• REQUIRED WORK
Give again, word for word, each line of the data from the first through the one containing "小坂園日記2018.02.27 大好き!粘土遊び! 勝山園". Pictures stay out.

+++ SOURCE DATA +++

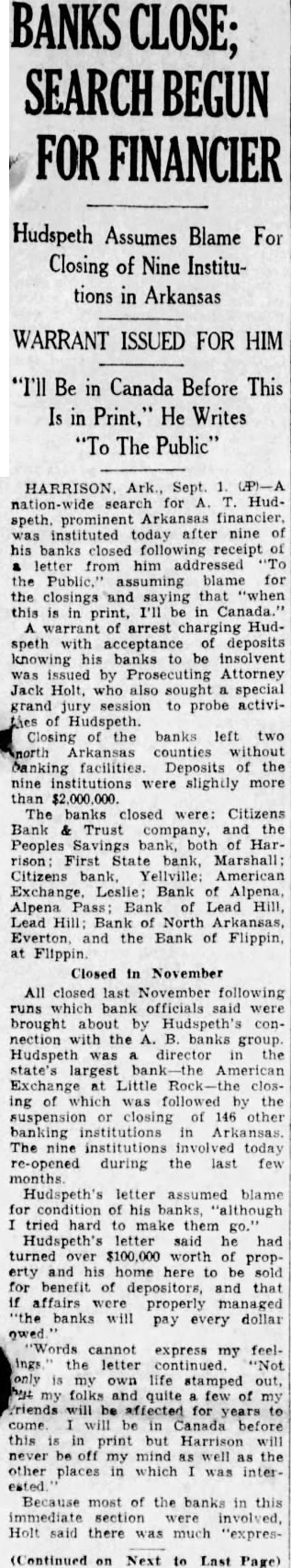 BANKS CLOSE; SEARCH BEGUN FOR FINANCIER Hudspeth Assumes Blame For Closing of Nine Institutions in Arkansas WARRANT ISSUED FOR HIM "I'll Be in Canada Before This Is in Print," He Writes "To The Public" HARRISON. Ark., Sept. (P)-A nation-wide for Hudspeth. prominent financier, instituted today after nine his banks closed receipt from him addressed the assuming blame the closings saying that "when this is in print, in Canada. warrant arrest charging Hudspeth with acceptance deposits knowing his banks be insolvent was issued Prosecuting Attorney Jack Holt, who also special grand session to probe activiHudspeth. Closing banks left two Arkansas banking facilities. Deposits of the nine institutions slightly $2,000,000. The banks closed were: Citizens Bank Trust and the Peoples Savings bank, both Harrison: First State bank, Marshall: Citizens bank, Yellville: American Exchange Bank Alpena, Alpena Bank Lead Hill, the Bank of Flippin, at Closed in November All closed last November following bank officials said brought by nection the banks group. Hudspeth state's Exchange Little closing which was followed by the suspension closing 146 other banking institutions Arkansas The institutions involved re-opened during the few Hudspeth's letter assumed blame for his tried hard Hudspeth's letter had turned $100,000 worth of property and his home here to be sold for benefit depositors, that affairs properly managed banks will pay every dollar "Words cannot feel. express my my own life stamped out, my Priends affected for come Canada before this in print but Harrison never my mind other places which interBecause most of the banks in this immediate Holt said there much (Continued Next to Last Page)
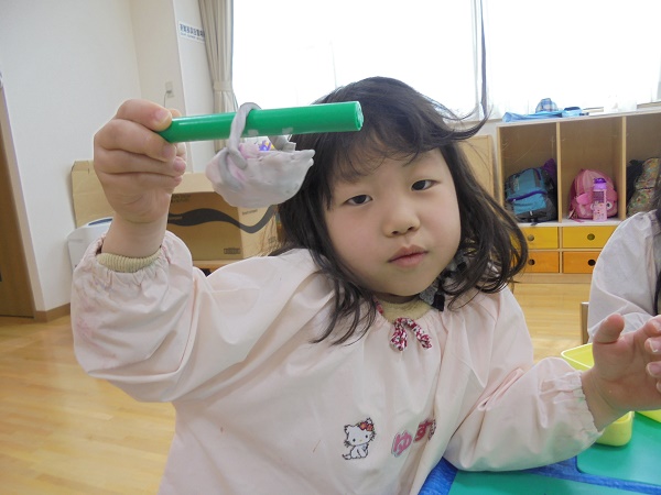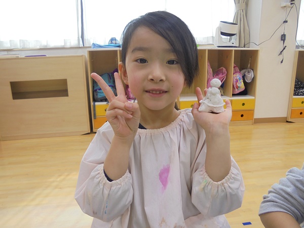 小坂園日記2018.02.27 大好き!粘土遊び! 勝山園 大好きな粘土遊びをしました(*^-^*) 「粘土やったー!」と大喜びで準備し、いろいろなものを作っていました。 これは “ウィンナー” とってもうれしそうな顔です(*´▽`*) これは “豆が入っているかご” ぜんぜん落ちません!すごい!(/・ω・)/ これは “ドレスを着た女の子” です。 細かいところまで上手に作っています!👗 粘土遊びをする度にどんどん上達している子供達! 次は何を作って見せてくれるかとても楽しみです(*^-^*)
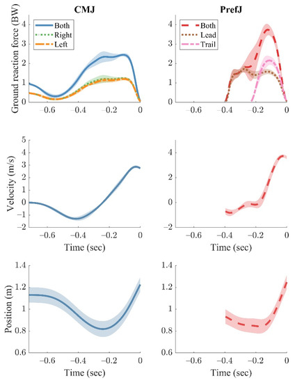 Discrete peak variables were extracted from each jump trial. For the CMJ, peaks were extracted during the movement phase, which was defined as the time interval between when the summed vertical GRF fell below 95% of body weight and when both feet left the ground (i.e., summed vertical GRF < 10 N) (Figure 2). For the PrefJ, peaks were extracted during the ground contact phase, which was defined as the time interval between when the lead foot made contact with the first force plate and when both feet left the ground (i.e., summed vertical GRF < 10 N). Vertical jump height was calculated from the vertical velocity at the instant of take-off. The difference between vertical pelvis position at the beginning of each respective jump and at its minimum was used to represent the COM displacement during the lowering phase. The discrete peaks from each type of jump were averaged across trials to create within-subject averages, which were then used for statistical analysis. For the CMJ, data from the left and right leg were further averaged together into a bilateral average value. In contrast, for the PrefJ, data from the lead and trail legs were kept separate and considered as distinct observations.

+++

• YOUR RESPONSE
 BANKS CLOSE; SEARCH BEGUN FOR FINANCIER Hudspeth Assumes Blame For Closing of Nine Institutions in Arkansas WARRANT ISSUED FOR HIM "I'll Be in Canada Before This Is in Print," He Writes "To The Public" HARRISON. Ark., Sept. (P)-A nation-wide for Hudspeth. prominent financier, instituted today after nine his banks closed receipt from him addressed the assuming blame the closings saying that "when this is in print, in Canada. warrant arrest charging Hudspeth with acceptance deposits knowing his banks be insolvent was issued Prosecuting Attorney Jack Holt, who also special grand session to probe activiHudspeth. Closing banks left two Arkansas banking facilities. Deposits of the nine institutions slightly $2,000,000. The banks closed were: Citizens Bank Trust and the Peoples Savings bank, both Harrison: First State bank, Marshall: Citizens bank, Yellville: American Exchange Bank Alpena, Alpena Bank Lead Hill, the Bank of Flippin, at Closed in November All closed last November following bank officials said brought by nection the banks group. Hudspeth state's Exchange Little closing which was followed by the suspension closing 146 other banking institutions Arkansas The institutions involved re-opened during the few Hudspeth's letter assumed blame for his tried hard Hudspeth's letter had turned $100,000 worth of property and his home here to be sold for benefit depositors, that affairs properly managed banks will pay every dollar "Words cannot feel. express my my own life stamped out, my Priends affected for come Canada before this in print but Harrison never my mind other places which interBecause most of the banks in this immediate Holt said there much (Continued Next to Last Page)
 小坂園日記2018.02.27 大好き!粘土遊び! 勝山園 大好きな粘土遊びをしました(*^-^*) 「粘土やったー!」と大喜びで準備し、いろいろなものを作っていました。 これは “ウィンナー” とってもうれしそうな顔です(*´▽`*) これは “豆が入っているかご” ぜんぜん落ちません!すごい!(/・ω・)/ これは “ドレスを着た女の子” です。 細かいところまで上手に作っています!👗 粘土遊びをする度にどんどん上達している子供達! 次は何を作って見せてくれるかとても楽しみです(*^-^*)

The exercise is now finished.